Como ele está morto e nunca em vida conversou com alguém sobre o assunto, jamais saberemos os motivos e as circunstâncias psíquicas que fizeram com que o rapaz entrasse na escola de Realengo e praticasse aquele massacre de crianças. Todos temos o direito de fazer suposições, mas jamais conheceremos a verdade, é inútil insistir.
Talvez nos reste apenas tirar das circunstâncias da tragédia algum ensinamento, seguindo umas poucas pistas a nosso dispor. A mais importante delas está certamente na carta deixada pelo assassino, um pouco subestimada pelo que andei lendo nos jornais.

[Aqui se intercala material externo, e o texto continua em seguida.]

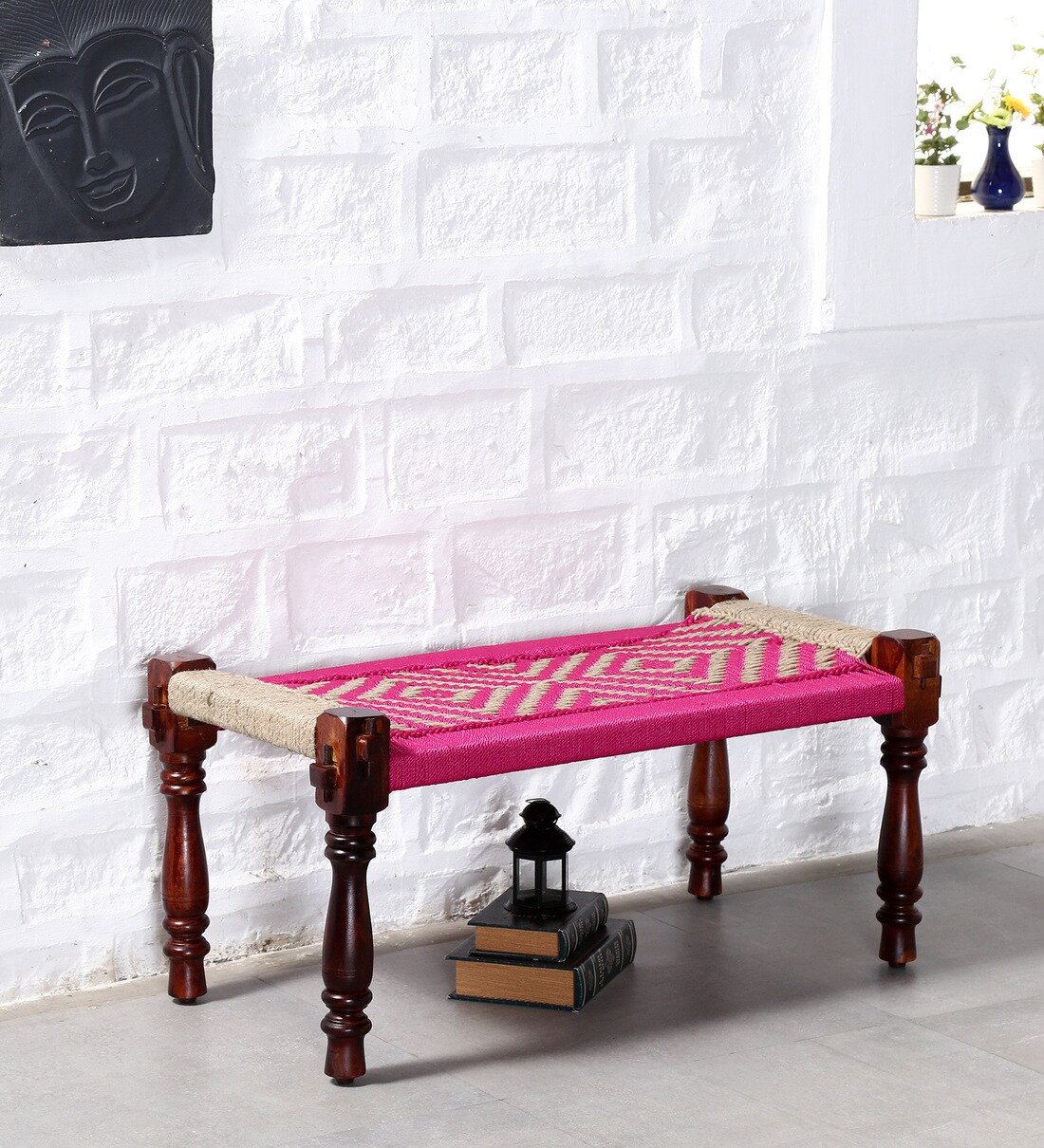 Avapana Solid Wood Bench with Jute Weaving in Pink Colour

Ali está, antes de tudo (ou “primeiramente”, como o autor a inicia), uma ostensiva divisão do mundo entre os “puros” e os “impuros”, não podendo estes nem ao menos tocar em seu corpo. Mais do que fazendo uma declaração religiosa fundamentalista, Wellington está assim se referindo à incompatibilidade entre ele e os outros, sendo estes os que não merecem viver no mesmo mundo que ele.

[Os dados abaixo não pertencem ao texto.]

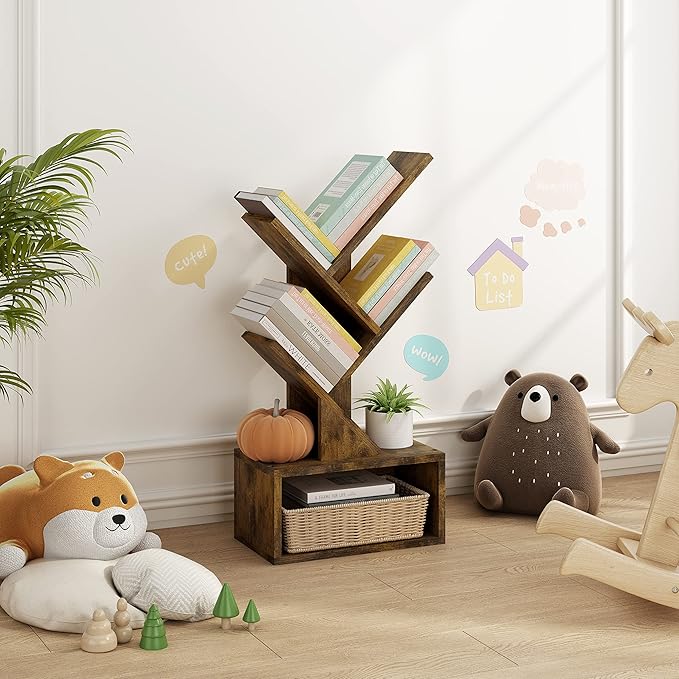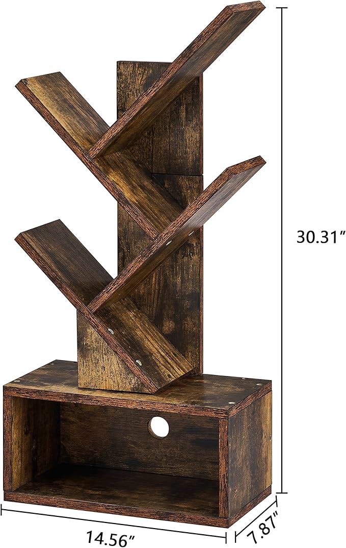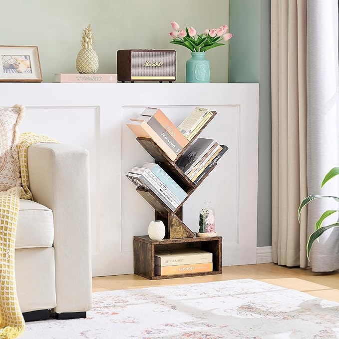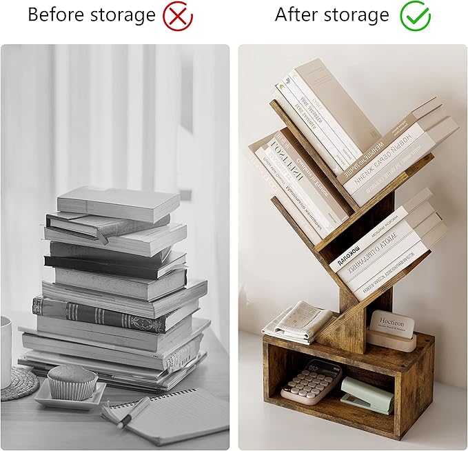 About This [Space Saving and Ample Storage Capacity] Our 3-tier tree bookshelf offers 3 open shelves and a large drawer...

Talvez estivesse até dividido entre esse “eu” e “o outro”, sendo ele mesmo as duas coisas. Wellington atirou de preferência em meninas, como se estivesse eliminando preferencialmente o desejo que o tornava “impuro”. Ou seja, que o tornava “o outro”. Mas isso, mais uma vez, é apenas uma suposição.
Como também poderia estar se vingando do que outras crianças podem ter feito com ele no passado, nas mesmas salas de aula em que perseguiu suas vítimas. Alguns relatos dizem que Wellington teria sido alvo de bullying (será que o verbo “bolinar” é um anglicismo decorrente de “bullying” ou os dois vocábulos têm igual raiz latina?), quando estudou naquela mesma escola dos 11 aos 14 anos de idade e era conhecido como Sherman (referência ao nerd de “American Pie”) ou Suingue (por mancar de uma perna).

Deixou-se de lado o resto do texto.